Thanks macropod, understand what you're suggesting - but nothing outside the sub 'tags'. 

Just to check I deleted the macro completely, and tried out your simplified version - now it works, but I'm seeing a new issue which appears to be limited to my existing (extremely large) document. 

In these exampls I've again subbed in { and } for square brackets. 


This is a random piece of text I’ve typed in Word, *{b}these words in bold{/b}*, _{i}and these in italics{/i}_. Works OK (although leaves the formatting in place as well – not a big deal, although the old macro I used didn’t do this​

Now, this is what happens when I macro the existing document I have...


Warren was ready to push for a place, but that he certainly wasn’t likely to threaten either of the *Italians {b}{/b}*any time soon. 
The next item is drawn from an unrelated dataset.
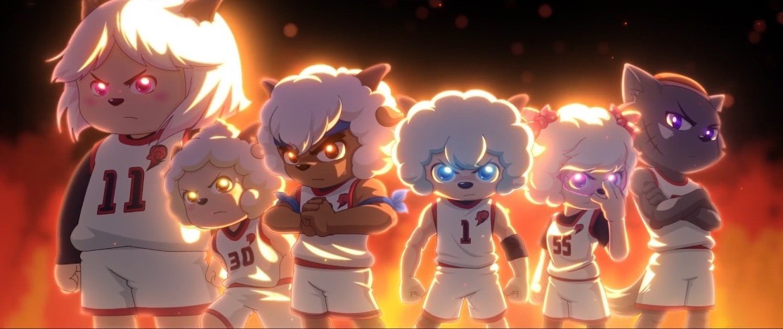 剧情也不仅限于“狼羊大战、邪不压正”那一套,就比如最近登陆B站的「筐出未来」,讲述的就是都市背景下,狼羊组队打篮球的热血故事。

_“I’ll see what we can do,” _he told Warren a couple of days later. “_Rest assured you will make the first team if you want to, but I need to see a little patience from you.”
{i}{/i}_

He didn’t tell Warren that he might not have to wait too long.​

Any thoughts on what's going on there?


----------



## macropod (Apr 11, 2008)

Hi flipsix3,

For me, if I select the wole block of text, the tags are correctly placed either side of the relevant phrases.

FWIW, if you change Selection.Find to ActiveDocument.Content.Find, the whole document will be processed without the need to select anything.


----------



## flipsix3 (Jan 10, 2010)

Thanks for the input - definitely something hokey with my base document I guess - still putting the tags at the end of the formatted sections, but not on any new text I type out. Guess I'll have to live with it on this one

(Tried the switch to 'Active Document' but that does all sorts of werid stuff and cuts my 200 page doc down to about 20!)

Thanks again, macro is working fine (which is what I was after) - just need to sort the document out.



\edit: copy/pasted the whole thing into a new word doc and it's working fine now. Thanks once again.


----------



## GGalloway (Jan 14, 2010)

*Bug with Word Macros*

For some reason I can not use a Macro twice in a row. If I use it it pastes in the text and pictures. If I delete what was pasted from the macro and try to run the macro again I get an error that says hit can not find the file where the content is located.

Any help would be appreciated.

THANKS -- Gordon

Here is the macro:

ub BaseCombo()
'
' BaseCombo Macro
' Macro recorded 1/14/2010 by gallowg
'
Documents.Open FileName:="BaseCombo.doc", ConfirmConversions:=False, _
ReadOnly:=False, AddToRecentFiles:=False, PasswordDocument:="", _
PasswordTemplate:="", Revert:=False, WritePasswordDocument:="", _
WritePasswordTemplate:="", Format:=wdOpenFormatAuto, XMLTransform:=""
Selection.Extend
Selection.Extend
Selection.Extend
Selection.Extend
Selection.Extend
Selection.Copy
ActiveDocument.Close
Selection.PasteAndFormat (wdPasteDefault)
End Sub


----------



## macropod (Apr 11, 2008)

Hi Gordon,

You should start a new thread instead of piggybacking onto an existing one.


----------